Friday, August 11, 2017

II Chronicles 20:26 - "Hills and Valleys"


I'm not sure if it is because the tune is so catchy or if the Lord is trying to tell me something I am not getting but the song "Hills and Valleys" plays continuously over in my mind. Specifically, these words...

Father, you give and take away
Every retry and every pain
And with all you will remain
All for it all!


He has given me so much over the years in so many different areas of life. My children, my husband, my grand babies, my family....but specifically my faith. He has taken me deeper into relationship through valleys of life that seemed unbearable. Nine months of not walking on my own was a tough one but wow what a blessing! This last fourteen months in South Carolina with a hurricane, breast cancer, decrease in finances, Doc's health issues...the list goes on and on. I think maybe that is what He is trying to get me to realize. Yes, I've been strong in my faith but maybe not strong enough since moving here. Some days I feel like I'm on auto-pilot. Those aren't my favorite days, that's for sure. I don't want to miss any opportunity He puts before me yet I know I have. Yesterday as I was doing my school work I thought about how much simpler it would have been to live at the time Jesus walked this earth. But then I wondered if it would have been. Life would have been simpler and people would have heard Jesus speak in person. For some having Jesus in person may have made more sense than hearing Him speak through His Word, others, in an audible voice when He is not physically with them. I am just grateful to hear His voice. I am also grateful when He uses songs and Scripture to speak to me. I need to ponder upon this song some more to understand His message. There is another part of the song that goes...
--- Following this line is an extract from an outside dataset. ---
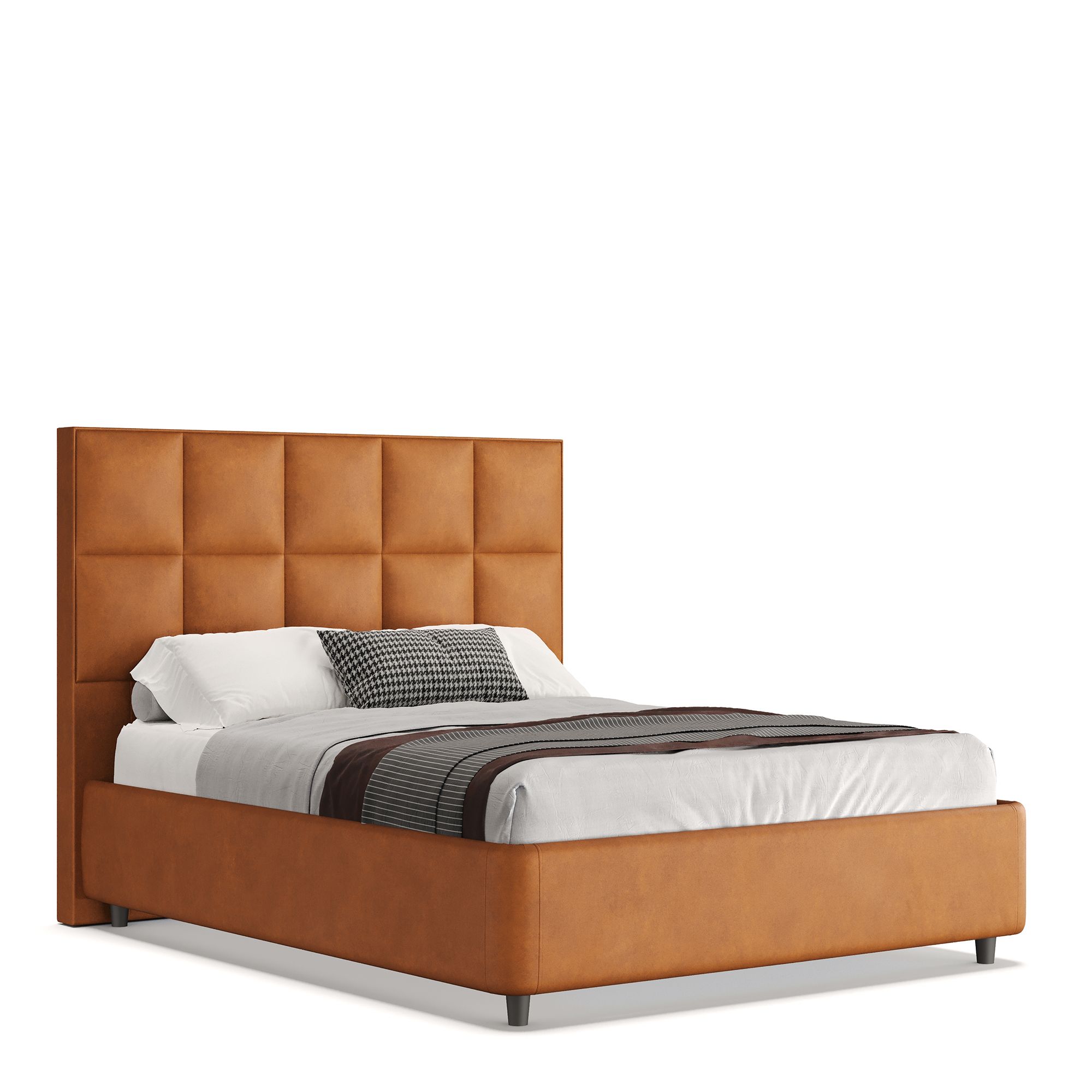 Полутораспальная кровать CORAL в полностью мягком текстильном корпусе отвечает запросам самых взыскательных покупателей, предъявляющих высокие требования к стилю и комфорту. Особое внимание привлекает изголовье модели, выполненное в отделке тактильно приятной тканью. Мягкое и уютное, оно обеспечивает дополнительную поддержку, создавая оптимальные условия для отдыха и сна. Геометрический узор в виде крупных квадратов делает кровать центральным элементом любой спальни, привнося в пространство четкий ритм. Модель оснащена надежным подъемным механизмом и вместительным ящиком для белья. Металлическое основание и ортопедическая решетка (каркас – металл) входят в комплектацию.

No matter what I have, your grace is enough
No matter where I am, i'm standing in your love


Yes! His grace and love are the best! They get me through the valleys of life that seem unending at times. They also encourage me through them. I am one blessed lady! I am a daughter of the King! I am loved by My Heavenly Father! Woo hoo! I love the idea that not all valleys are dark ones. In II Chronicles 20:26 there is the Valley of Berachah. The meaning of Berachah is blessing! King Jehoshaphat had victory and led his people into this valley. Victory! Gladness! Communion with God! Woo hoo! Yes!

Dear Jesus,
Thank You for Your love, mercy and grace! Thank You for speaking to me in so many different ways! Lord, would You reveal to me what You want me to receive from this song? Would You put something or someone in my path that will open up the meaning to me? Would You also cleanse me of anything not of You? Would You fill me to overflowing with more of You so people will see and hear You instead of me? Would You be my words, actions and attitude throughout this day? I sure am asking a lot this morning and am blessed in knowing You hear me and will answer my prayers in the way that is best. Thank You Jesus for being My Valley and Mountain Provider! Amen.